#### Data in this exercise

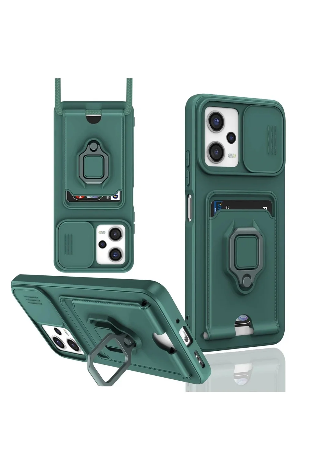 Xiaomi Poco X5 5G Kılıf Zuma Kartvizitli Yüzüklü Silikon - Yeşil-(5796)
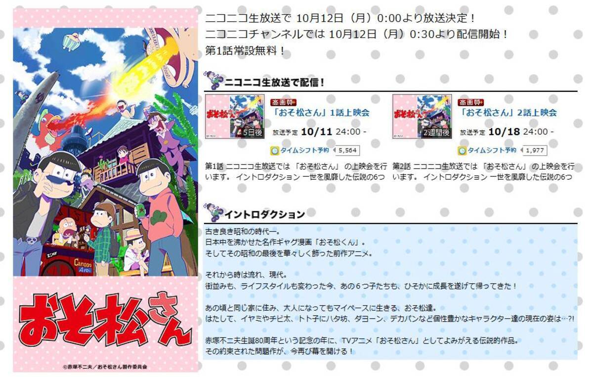 第一話はパロディ満載で話題沸騰 アニメ おそ松さん が Niconico で放送決定 15年10月8日 エキサイトニュース
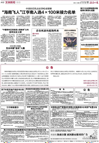 海南日报 文体新闻综合 012 2019-04-181 2019年04月18日 星期四
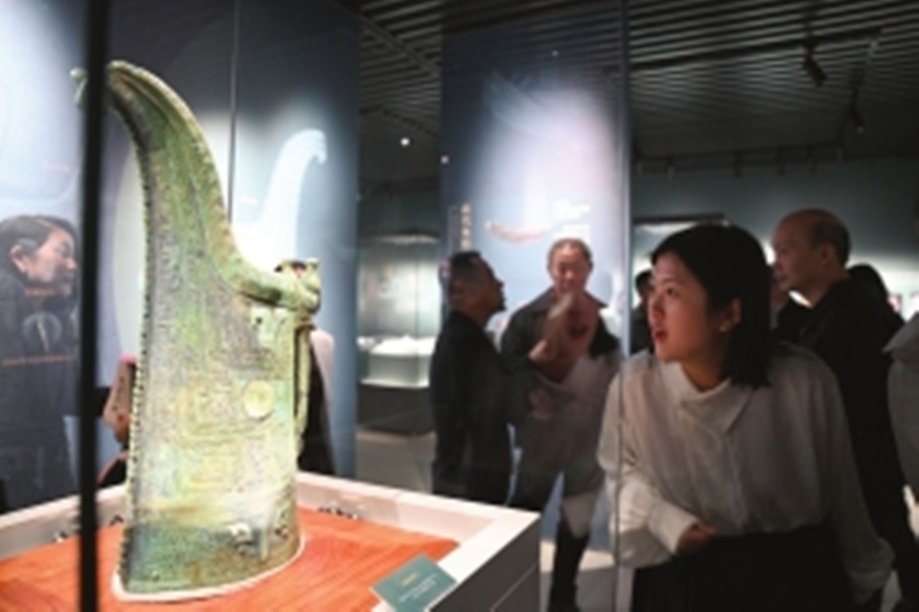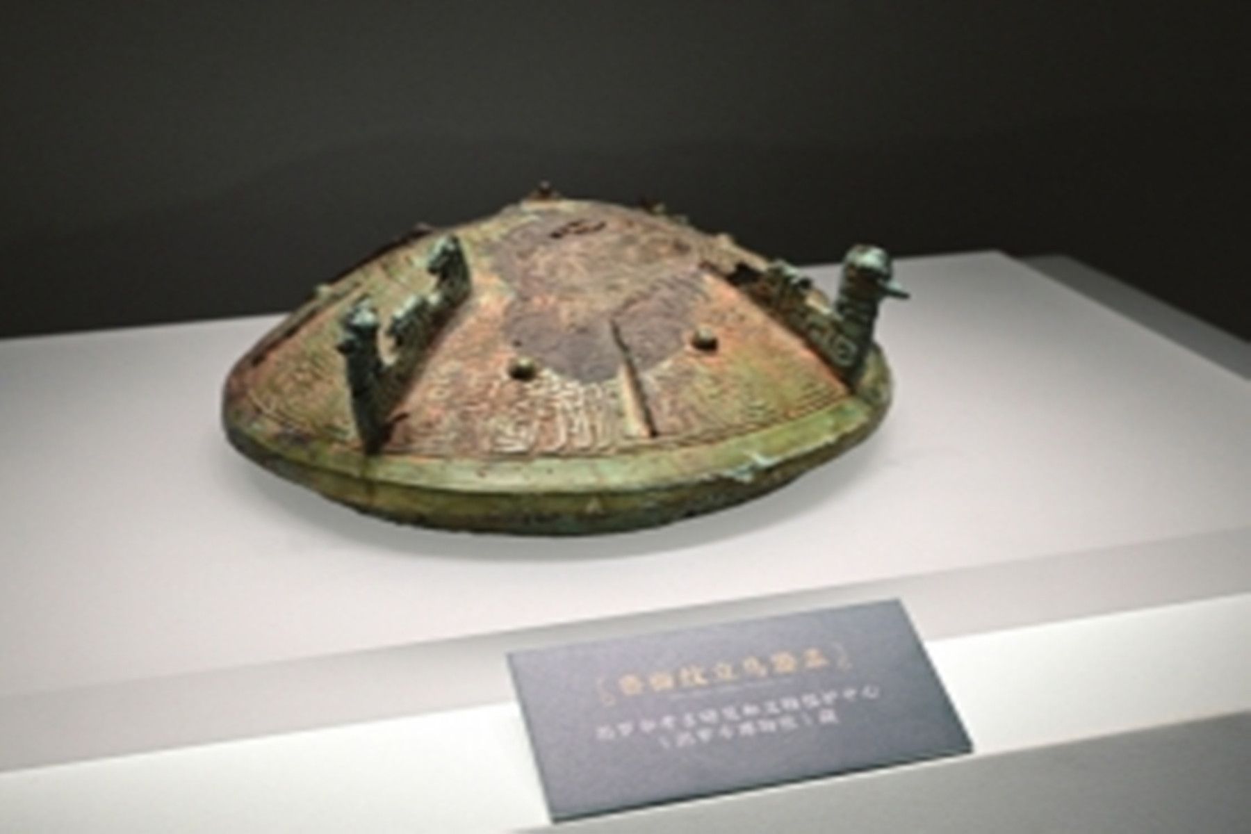 展出的獸面紋立鳥器蓋。
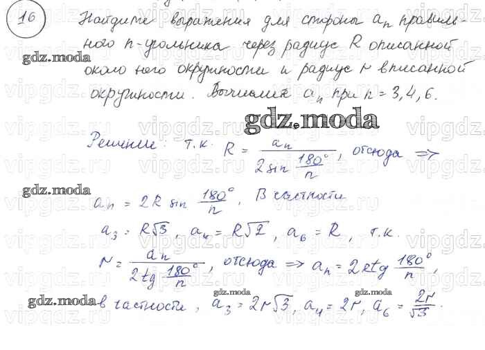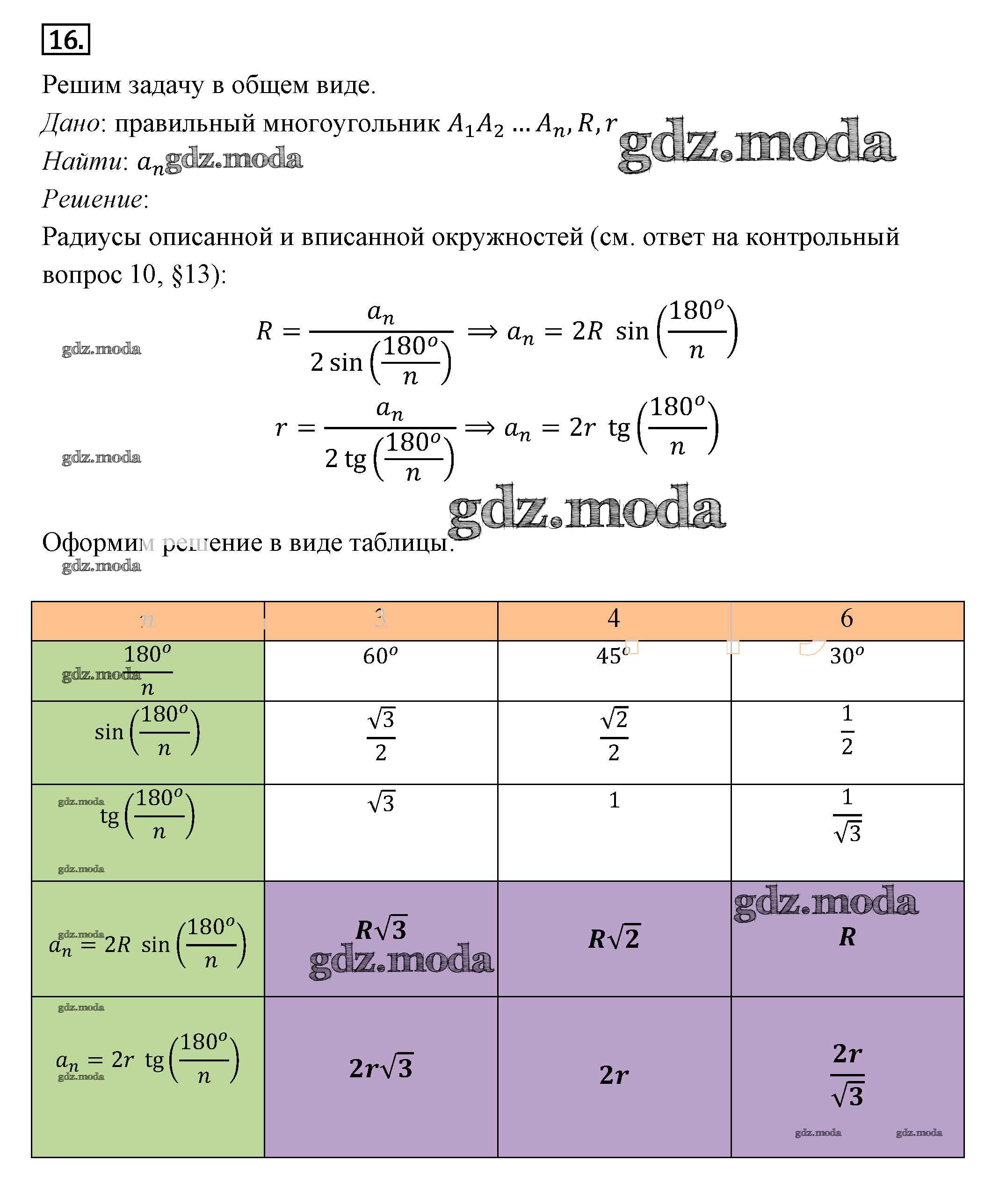 ОТВЕТ на задание № 16 Учебник по Геометрии 7-9 класс Погорелов
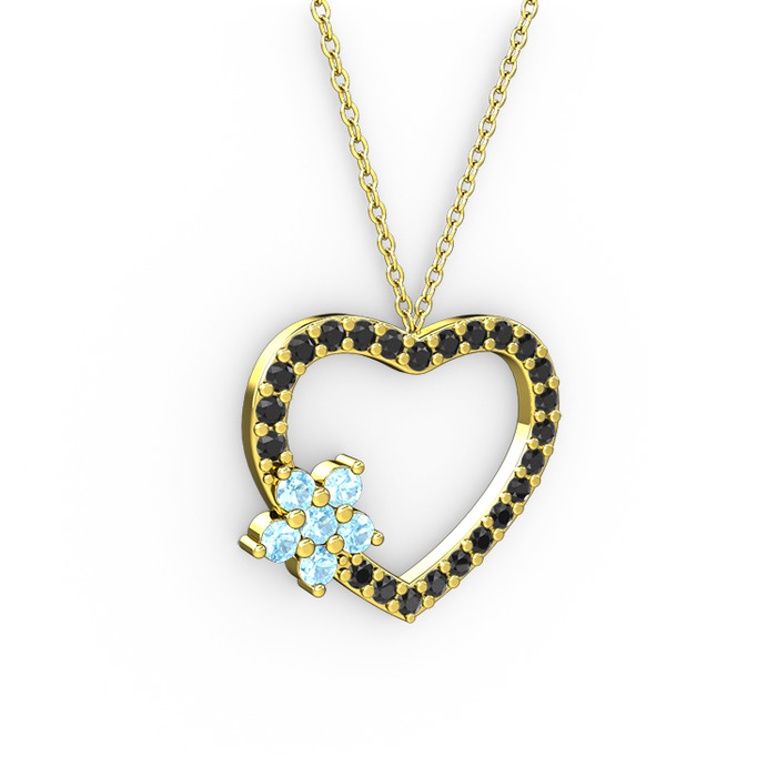 Akuamarin ve siyah zirkon 8 ayar altın kolye (40 cm gümüş rolo zincir)
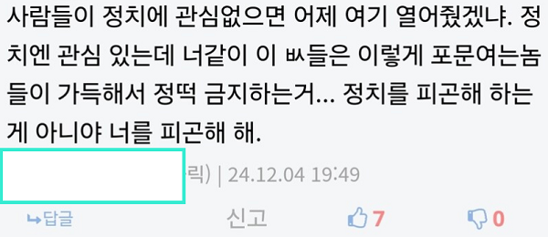차단하니까 더더욱 날뛰는걸지도 몰라 비추 신고 분리수거 안받으니까 | 25.01.19 21:15 | | |

########

[Exercise objective] Starting at the line that contains "第一話はパロディ満載で話題沸騰 アニメ おそ松さん", restate each line verbatim through the final line of the listing, skipping all pictures.

[Result of the exercise]
 第一話はパロディ満載で話題沸騰 アニメ おそ松さん が Niconico で放送決定 15年10月8日 エキサイトニュース
 海南日报 文体新闻综合 012 2019-04-181 2019年04月18日 星期四
 展出的獸面紋立鳥器蓋。
 ОТВЕТ на задание № 16 Учебник по Геометрии 7-9 класс Погорелов
 Akuamarin ve siyah zirkon 8 ayar altın kolye (40 cm gümüş rolo zincir)
차단하니까 더더욱 날뛰는걸지도 몰라 비추 신고 분리수거 안받으니까 | 25.01.19 21:15 | | |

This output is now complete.